Guillermo del Toro Calls This “One of the Best Horror Movies of This Century”

Guillermo del Toro is more than just a director. He’s an archivist and expert on all things horror, gothic, and monstrous. A true treasure of a human, del Toro has spent his career translating folkloric nightmares and real-world horrors into films like Pan’s Labyrinth and The Shape of Water, movies that feel both lovingly crafted and intellectually curious.

Having shepherded horror and dark fantasy onto mainstream award show stages while remaining an eternally devoted student of the genre, this passion for discussing monsters as metaphors and treating horror as a deliberate art form is one of many reasons why del Toro’s recommendations carry more weight than your average celebrity endorsement. But let’s be real, there’s also a special kind of glee that’s elicited when someone as respected and knowledgeable as del Toro name-drops a movie we personally love to champion as well. 

Case in point, I’m never not thinking about the fact that Guillermo del Toro is a fan of Brad Anderson’s 2001 psychological horror movie Session 9. Back in 2016, del Toro took to Twitter and called Session 9 “one of the best (and first) horror movies of this century. Anderson has complete command of the medium.” High praise indeed, from one of the best to ever do it, but also praise that is very much deserved.

Even though more than a few years have passed since Session 9’s initial release, the movie remains a haunting, genuinely unnerving, underseen modern classic. For the unfamiliar, Session 9 follows an asbestos-abatement crew that takes a job cleaning out the decaying halls of the Danvers State Mental Hospital. Before long, the crew begins to fracture under the building’s oppressive atmosphere and haunted history. 

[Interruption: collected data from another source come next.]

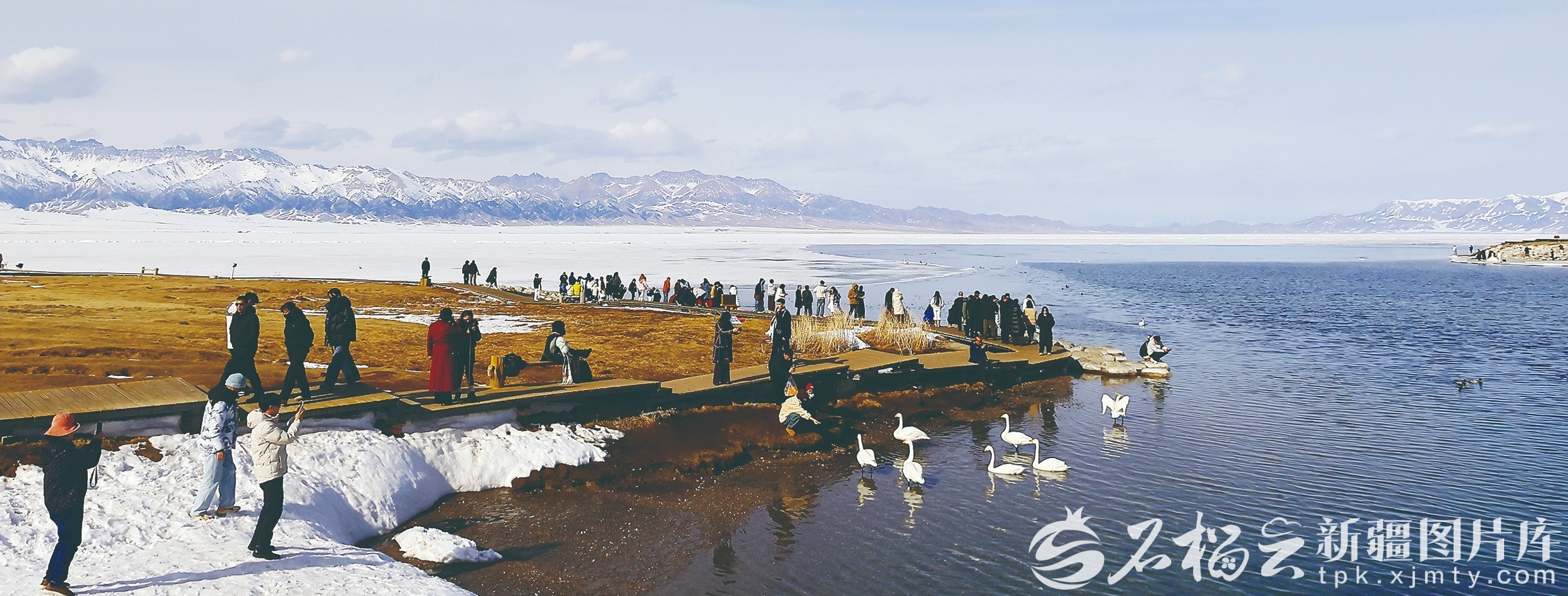 3月15日,游客在赛里木湖景区观赏天鹅。田向东 摄
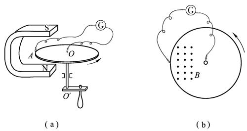 24.法拉第圆盘发电机是一个在磁场中转动的金属圆盘.它可绕垂直于圆盘的OOʹ轴转动。匀强磁场方向与圆盘的轴线平行,且竖直向上,如图(a)所示。用电刷将灵敏电流计接于圆盘中心和边缘之间[俯视图(b)]。当圆盘作逆时针方向转动时,在俯视图(b)中通过灵敏电流计的电流方向是________。
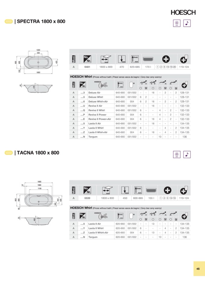 (Prices without bath | Prezzi senza vasca da bagno | Ceny bez ceny wanny)
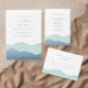 Elegant wedding design featuring a hand watercolor painted mountain landscape design by Shelby Allison. This design is currently available in blue, brown, green and purple.
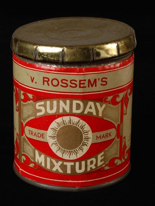 Geel met rood tabaksblik van Van Rossem, productnaam...
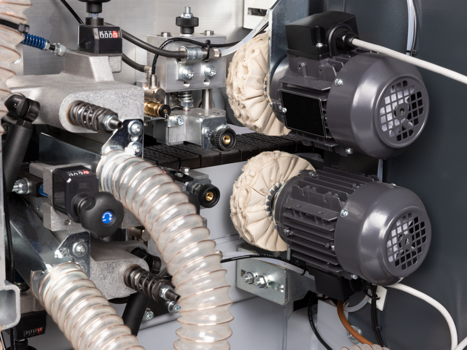 Duas escovas rotativas de algodão fazem o polimento da borda, removendo marcas de corte ou resíduos de fresagem e deixando o acabamento com aspecto final profissional.
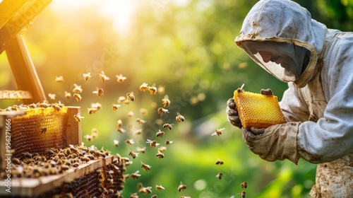 Beekeeper in protective gear inspecting honeycomb frame surrounded by bees in a sunny garden, emphasizing sustainable beekeeping practice.
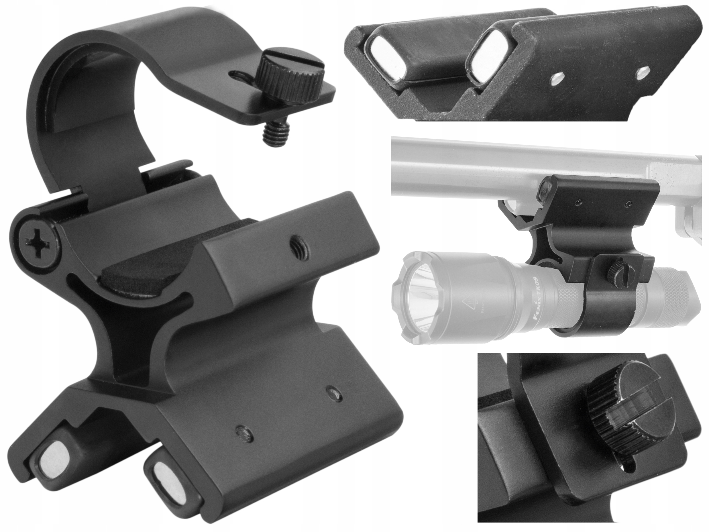 Montaż na magnes magCLIP do broni posiada dwa silne magnesy neodymowe wyłożone gumową warstwą ochronną zapobiegająca zarysowaniu jednostki. Jego montaż i demontaż trwa ułamki sekund. Montaż pewnie i solidnie osadza się na metalowym elemencie jednostki, a do jego zdjęcia trzeba użyć większej siły. Może znaleźć zastosowanie przy rowerze, do karoserii samochodu. Nie potrzeba żadnych narzędzi do demontażu.
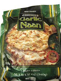 While I was at Trader Joe's, I also picked up a package of frozen garlic naan. The preparation was so simple. I preheated the oven to 400 degrees and once the oven was at the right temperature, I put the naan straight in the oven for just a minute and a half.
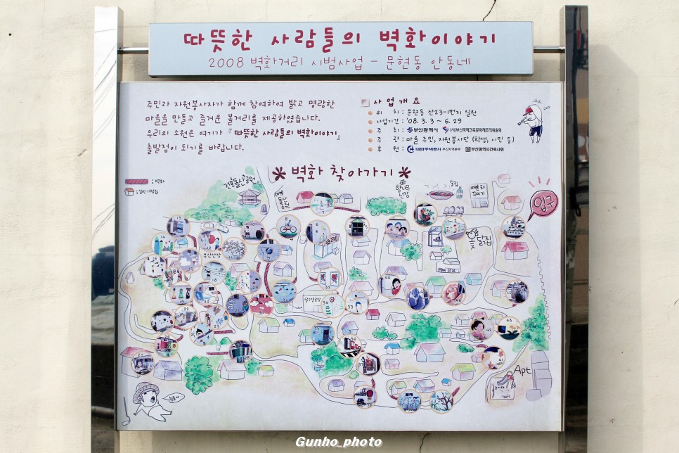 ºÎ»ê¿¡ ÀÖ´Â º®È¸¶À» Áß¿¡ ÇϳªÀÎ ¹®Çöµ¿ ¾Èµ¿³× º®È¸¶À»À» ¼Ò°³ÇϰڽÀ´Ï´Ù. ÀÌ ¸¶À»Àº ºÎ»ê ÃÖÃÊÀÇ ±×¸²º®È¸¶À»À̶ó ºÒ¸®´Â °÷ÀÔ´Ï´Ù. 2008³â º®È°Å¸® ½Ã¹ü»ç¾÷À¸·Î Áֹΰú ÀÚ¿øºÀ»çÀÚ°¡ ÇÔ²² Âü¿©ÇÏ¿© ¸¸µé¾îÁ³´Ù°í ÇÕ´Ï´Ù. ¾ó¸¶ Àü Ȳ·É»êÀ¸·Î °¡´Â ±æ¿¡ Àá½Ã µé·È¾ú´Âµ¥, Àç°³¹ß·Î ÀÎÇØ °ÅÀÇ ÃâÀÔÀÌ ÅëÁ¦µÇ°í ÀÖ¾ú½À´Ï´Ù. ÀÌÁ¦ ´õ ÀÌ»óÀº ¸¶À»À» ãÀ» ¼ö ¾øÀ» °Í °°¾Ò½À´Ï´Ù. ¹®Çöµ¿ ¾Èµ¿³× º®È¸¶À»Àº ºÀÁØÈ£ °¨µ¶ÀÇ ¿µÈ '¸¶´õ'ÀÇ ÃÔ¿µÁö·Îµµ À¯¸íÇßÀ¸¸ç, ¿¹´É '½ºÆÝÁö'¿¡¼ ¸¶À»ÀÇ °ñ¸ñ°ñ¸ñ¿¡ ¹¦Áö°¡ ÀÖ´Â °÷À¸·Îµµ ¼Ò°³µÈ ÀûÀÌ ÀÖ¾ú½À´Ï´Ù.
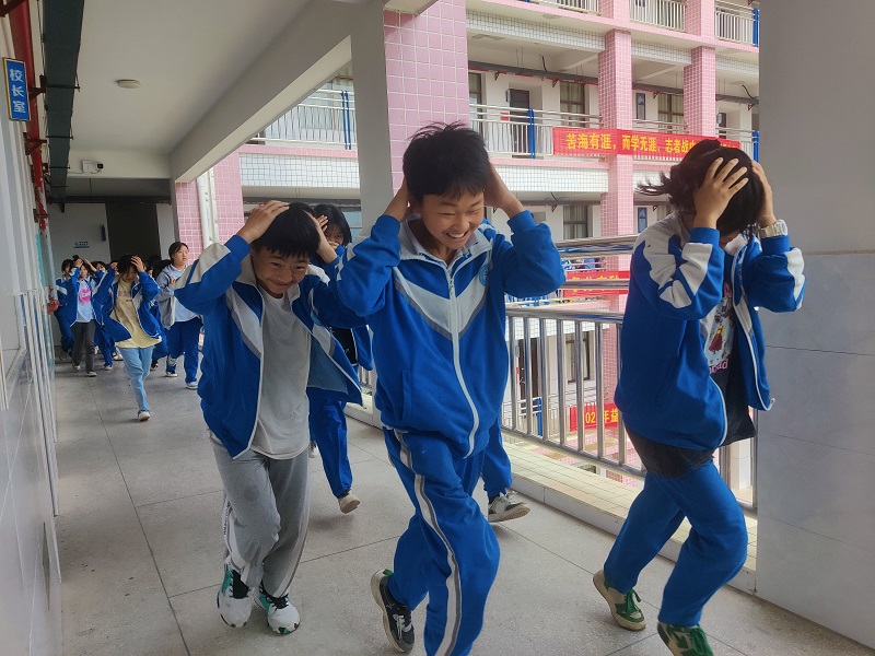 本网讯 5月12日,烟溪镇中学开展防震减灾疏散演练活动。 演练前,学校政教处制定了疏散演练方案,对全校教职工进行了分工。警报响起,同学们在老师的指挥下,按预定路线进行紧急疏散,以最快的速度从教室撤离到操场。各班老师清点学生人数,确保全员安全撤离。整个疏散演练过程紧张有序,用时1分47秒,达到了预期效果。 刘文韬同学在国旗下号召同学们不忘15年前的伤痛,感恩祖国,作为新时代少年,要珍惜眼前的点滴,好好学习,以更加坚实的步伐走向充满希望的明天! 政教主任尹文俊对防地震演练活动进行总结,强调了应急疏散注意事项,教育学生面对困难和危险时要保持冷静,临危不乱。
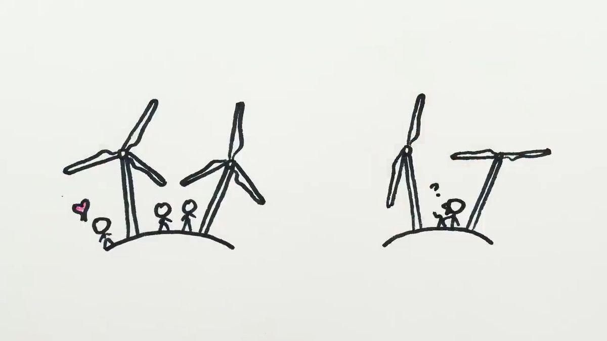 風力発電所を建設する際には、近隣住民の理解を得ることが必要です。したがって、タービンの見た目と音も大事な要素となります。
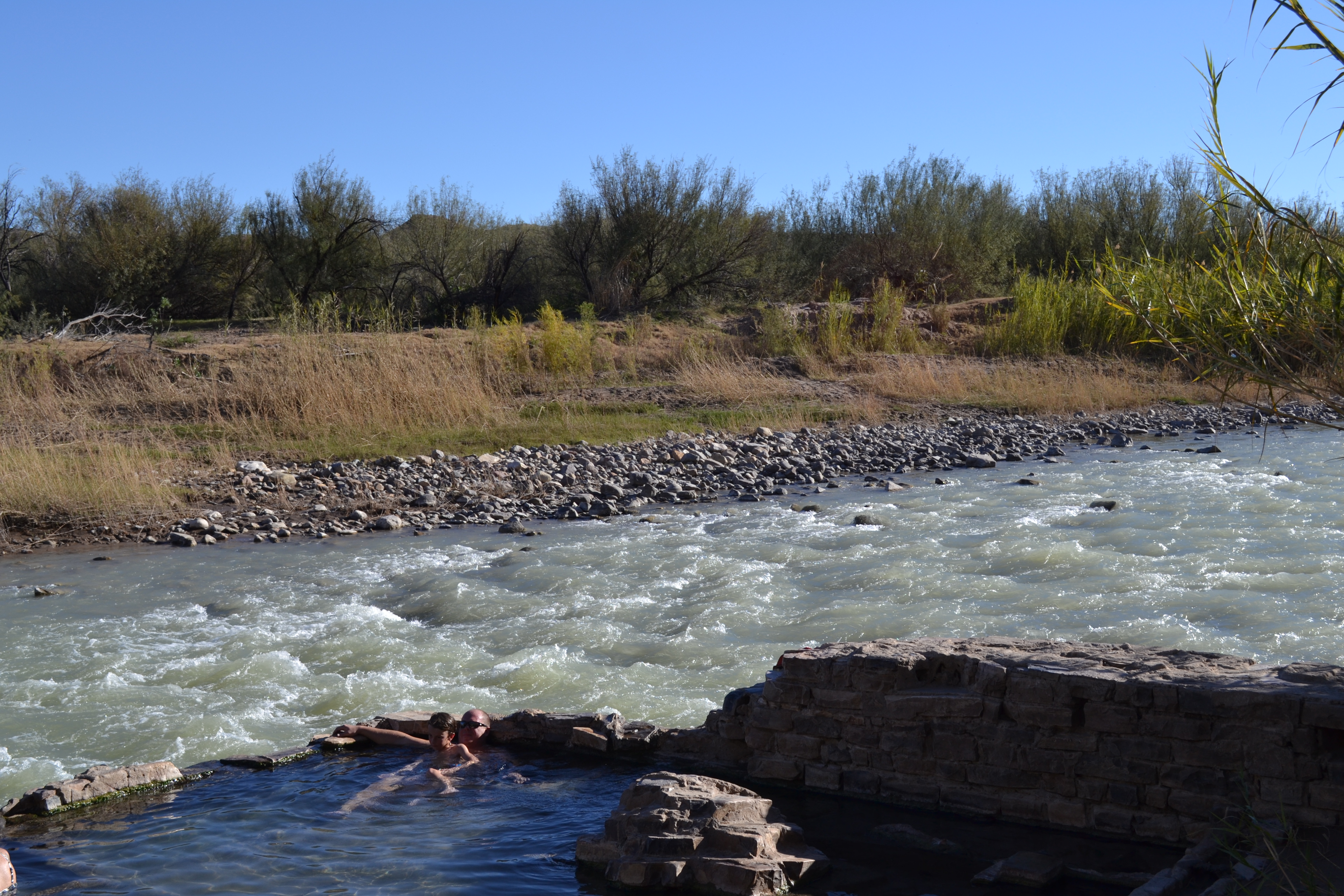 Sunday we woke up to clear blue skies once again!! So warm that I could sit outside and drink my coffee and read my book. End of having to shout “Shut the door!” to anyone going in or out of the van! No jackets required. Woop de woo! We couldn’t believe just 2 days before we were in freezing rain and minus temperatures!! We headed out in shorts and t shirts – very exciting! – on the Hot springs Trail. A really lovely hike that took in the canyon, rocky outcrops, cottonwood forests and finally led down to the river and the hot springs. This natural spring fills up a small bricked in ‘pool’ on the edge of the river. At 105 degrees it was lovely to have a ‘bath’.

Starring David Caruso (with one of the best line deliveries of all time), Peter Mullan, Josh Lucas, Stephen Gevedon, and Brendan Sexton III, Session 9 is a claustrophobic slow-burn nightmare that uses sound, space, texture, and classic horror techniques to keep the tension high and attention rapt. It’s the kind of economical, atmosphere-first filmmaking that has continued to resonate with casual horror hounds and genre auteurs alike. 

So if you care about atmospheric terror that privileges suggestion over spectacle, take del Toro’s tip seriously. Session 9 is definitely one of those films that grows on you, then refuses to leave. But you don’t have to take my word for it. Turn off the lights, cue the tapes, and see why a master of monsters says this one belongs in the modern horror hall of fame. 

Session 9 is currently available to rent or purchase on VOD, and on Blu-ray courtesy of Shout! Factory.